(Material for this exercise Opens)

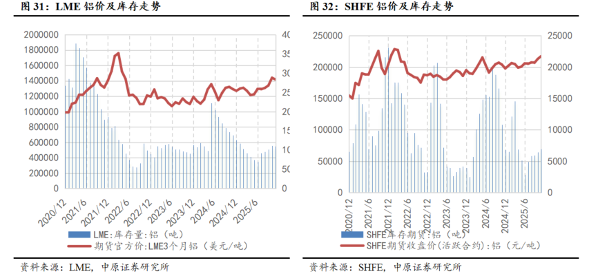 2025年1-10月,国内铝价呈现震荡上行格局。1-2月在宏观政策利好支撑下,铝价维持高位震荡态势;3月份起,受中美对等关税政策冲击,商品市场整体走弱,叠加氧化铝成本下降因素,铝价开始回落;随后在中美贸易关系缓和、地缘政治紧张局势缓解的背景下,市场情绪逐步修复,铝价逐步修复。10月美联储降息25bp并停止缩表,中美元首会晤释放积极信号,贸易紧张缓和,以及采暖季西北铝锭外运受限、“十五五”规划中新能源、特高压等领域投资预期,推动电力用铝需求增长沪铝“偏强运行、重心上移”。截至10月31日,SHFE电解铝期货收盘价为21300元/吨,LME电解铝期货收盘价为2880美元/吨,国内电解铝现货报价为21290元/吨。
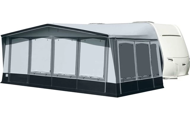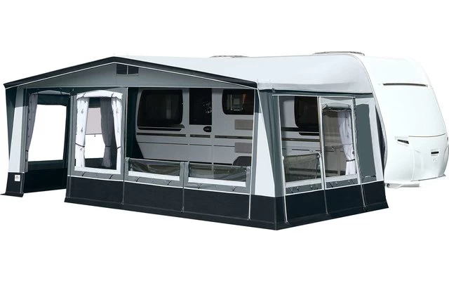 Das Brand Palazzo, bei diesem Saison- und Ganzjahres-Vorzeltmodell kommt für das Dach und die Seitenwände ein robustes Polychlorid-Material zum Einsatz. Die Vorderwand wird aus atmungsaktivem „Ten Cate“-Gewebe gefertigt. Frei wählbare Eingangsposition durch die Elementtechnik der Vorderwand. Für die Seitenwände gibt es insgesamt vier Fensterelemente: zwei Folienfenster und zwei Lüftungsfenster. Diese vier Elemente können nach Wunsch positioniert werden. Fensterklappen, Wetterschutzabdeckung der Reißverschlüsse, eine verschließbare Hochentlüftung und ein 28 mm Stahlrohrgestänge mit PowerGrip und Vordachverstärkung komplettieren die umfangreiche Serienausstattung.
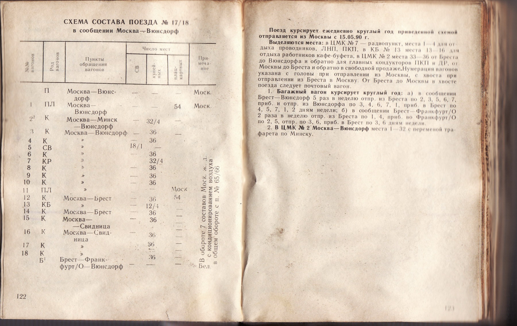 SM@TRON: Подробное расписание поезда № 17-18 «Москва – Вюнсдорф» из служебки БЕЛ ЖД за 1990-1991 годы: http://wunsdorf.livejournal.com/1612.html
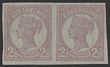 1895 QV 2½d pale reddish-purple horiz pr, imperf plate PROOF, blank background, 2 cnr numerals on bluish granite paper, no wmk. Superb UN as made, all 4 margins. SG 213(p). ACSC Q23(PP)1F cat $2000+. Very rare. (2) (P)
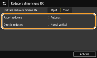 Selectaţi <Pornit> în <Utilizare reducere dimens. RX>
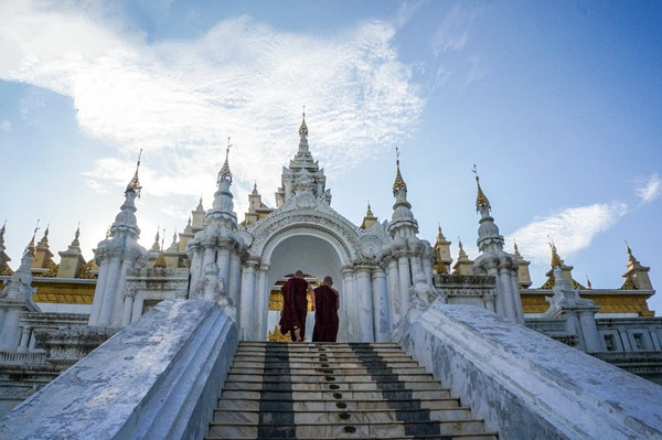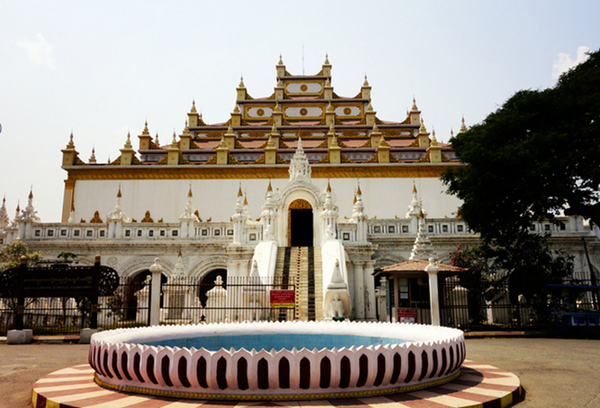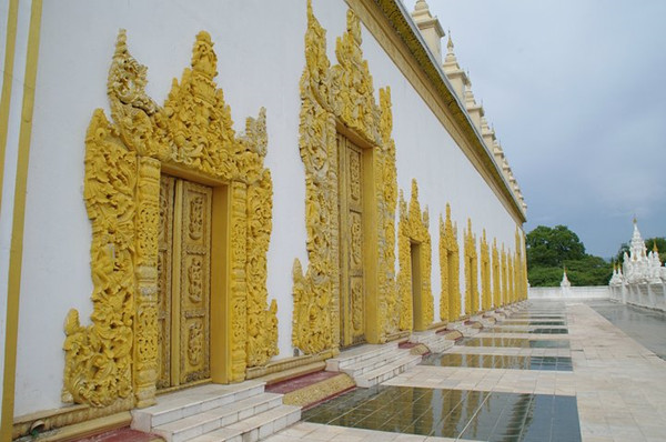 独特僧院位于金色宫殿西侧,与曼德勒皇宫建造时期相同,都是由敏东王所建。原建筑全为柚木,在1890年被烧毁前,一直被称为曼德勒最美的建筑。现在所看到的大多是由缅甸政府于1966年用水泥原址重建的。虽不如柚木那般奢华,但还是保留了原有的建筑雏形。正门需要登上十几级的台阶,然后到大殿外的回廊。整个建筑主要为白色墙壁,门窗和顶部配有金色木雕,风格远看很类似于欧洲的大教堂。大殿内部主要是诵经念佛的地方,除了立柱基本没有其他东西,类似于室内篮球场,看起来空空荡荡。
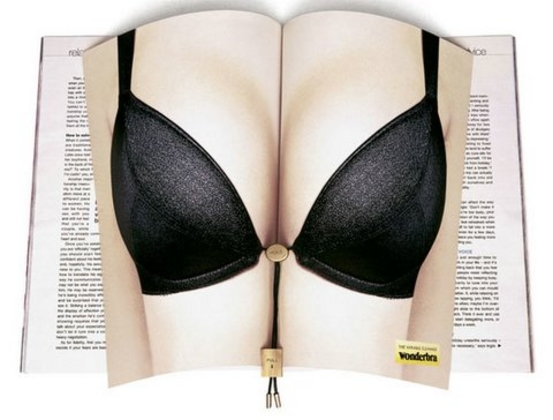 まさに「付加価値」をつけた印刷広告の、「寄せて上げる広告」 寄せて上げるワンダーブラの雑誌広告。凄いブラの広告と言えば、赤青立体メガネを使った「ブラジャーの立体広告」も面白い。トリンプとワンダーブラの立体コマーシャル対決…。
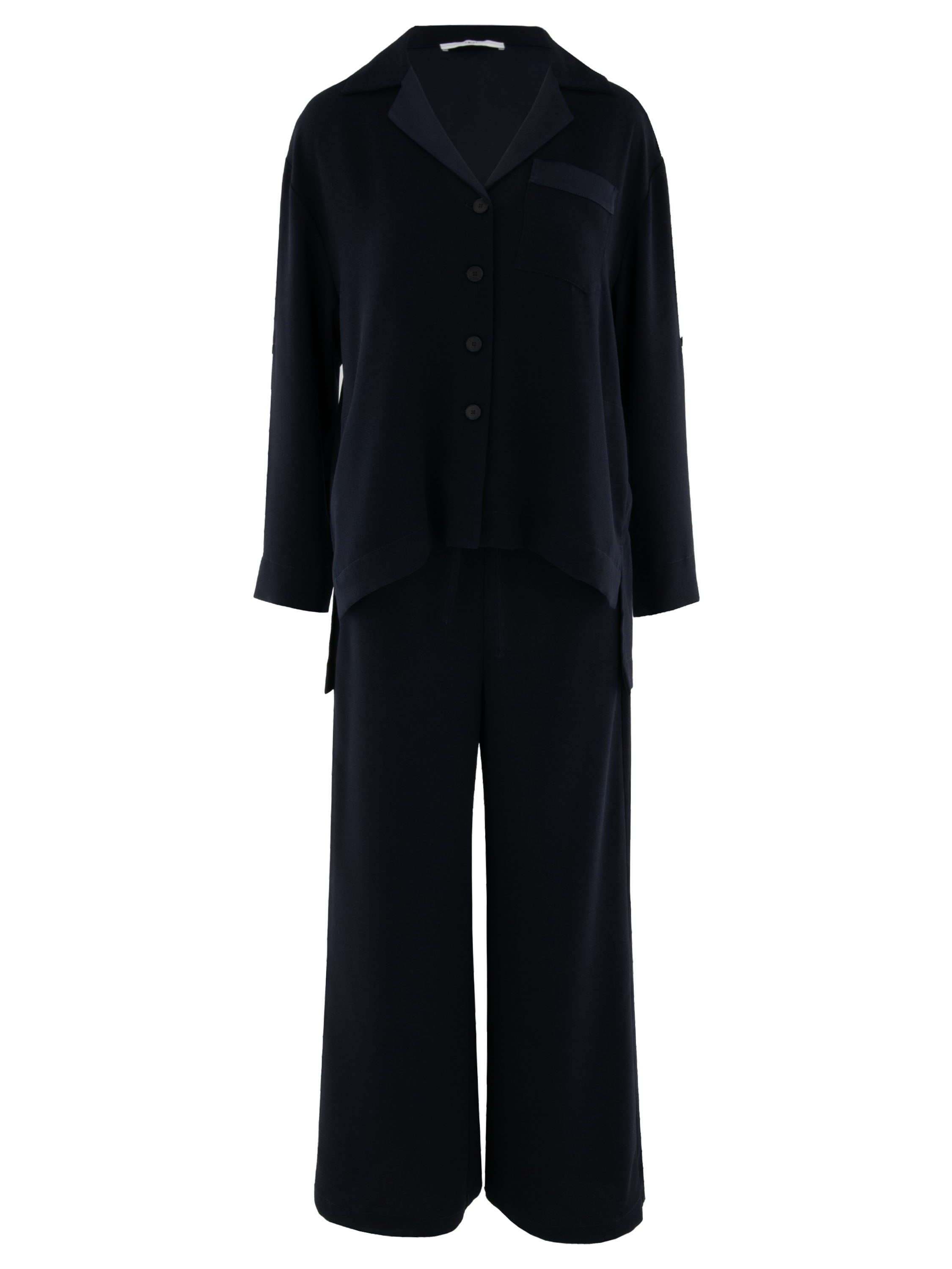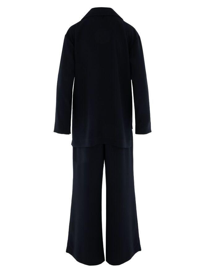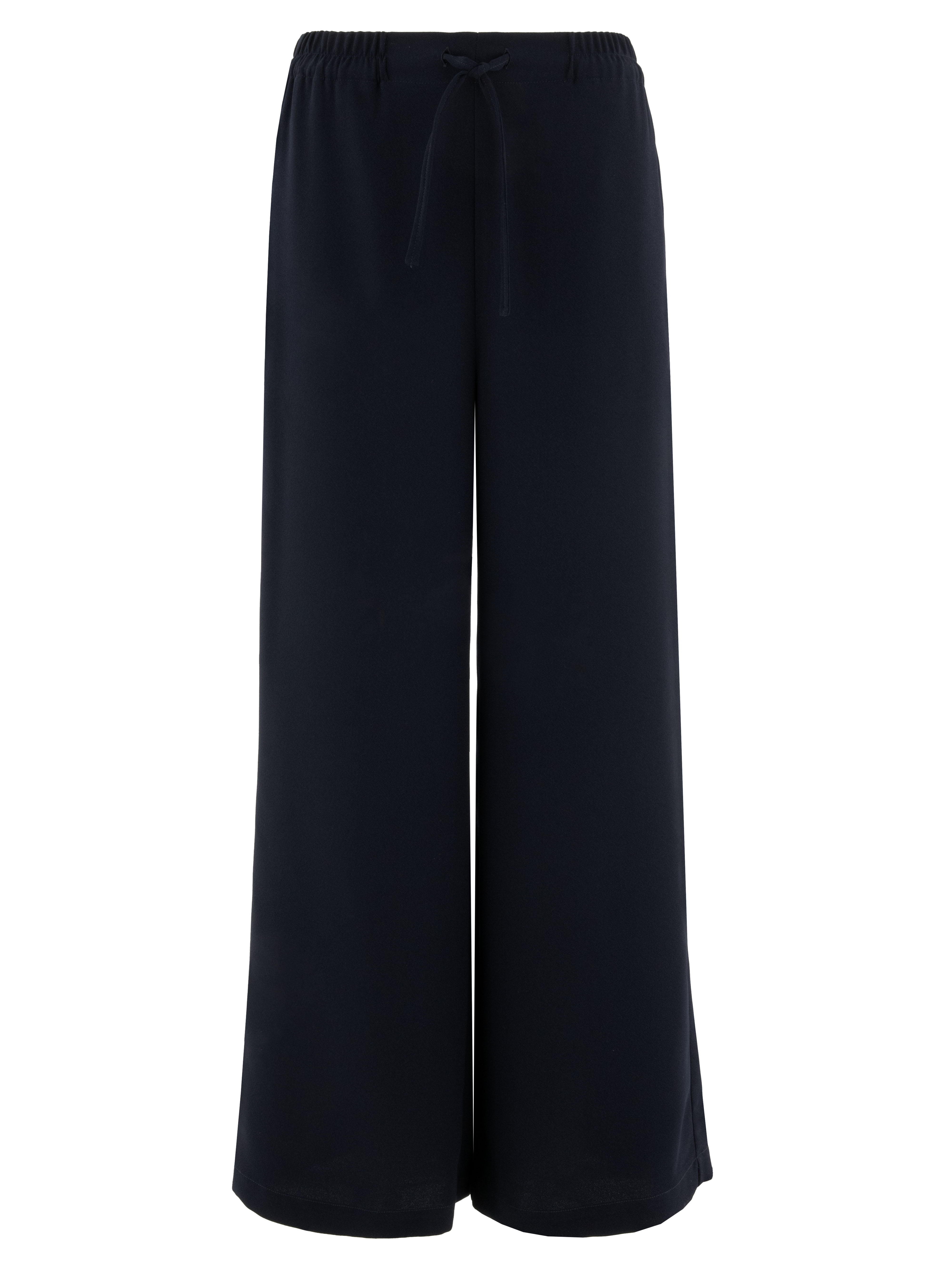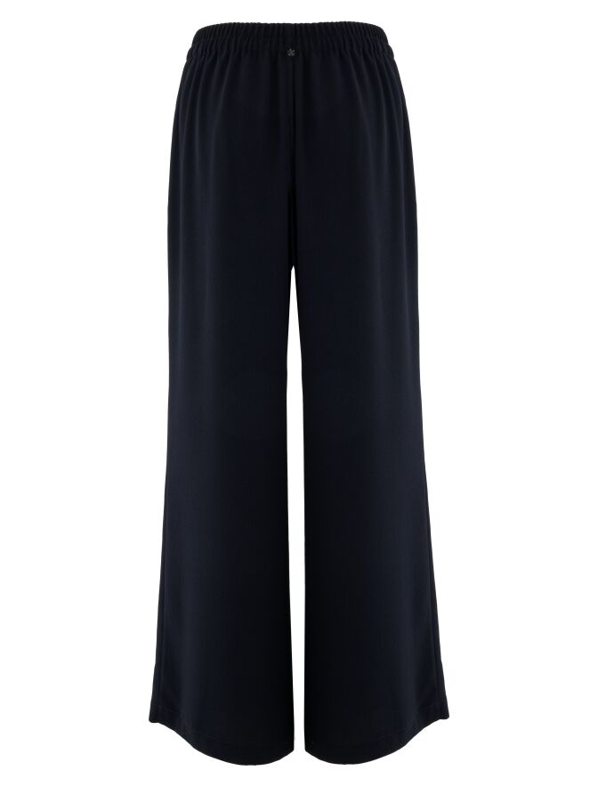 Broekpak van High in een elegante marineblauwe tint. De pantalon heeft in de taille een elastische band met een fijn geplooide structuur. Een koordceintuur in tunnelverwerking zorgt ervoor dat de taille naar wens kan worden aangetrokken. De broek heeft wijde pijpen die het silhouet een moderne en vloeiende uitstraling geven.

(Material for this exercise Closes)

• _What is required_
Repeat exactly the lines above, from the line that contains "1895 QV 2½d" down through the line that contains "まさに「付加価値」をつけた印". Include both of those lines and none of the pictures.

• _Result of the exercise_
 1895 QV 2½d pale reddish-purple horiz pr, imperf plate PROOF, blank background, 2 cnr numerals on bluish granite paper, no wmk. Superb UN as made, all 4 margins. SG 213(p). ACSC Q23(PP)1F cat $2000+. Very rare. (2) (P)
 Selectaţi <Pornit> în <Utilizare reducere dimens. RX>
 独特僧院位于金色宫殿西侧,与曼德勒皇宫建造时期相同,都是由敏东王所建。原建筑全为柚木,在1890年被烧毁前,一直被称为曼德勒最美的建筑。现在所看到的大多是由缅甸政府于1966年用水泥原址重建的。虽不如柚木那般奢华,但还是保留了原有的建筑雏形。正门需要登上十几级的台阶,然后到大殿外的回廊。整个建筑主要为白色墙壁,门窗和顶部配有金色木雕,风格远看很类似于欧洲的大教堂。大殿内部主要是诵经念佛的地方,除了立柱基本没有其他东西,类似于室内篮球场,看起来空空荡荡。
 まさに「付加価値」をつけた印刷広告の、「寄せて上げる広告」 寄せて上げるワンダーブラの雑誌広告。凄いブラの広告と言えば、赤青立体メガネを使った「ブラジャーの立体広告」も面白い。トリンプとワンダーブラの立体コマーシャル対決…。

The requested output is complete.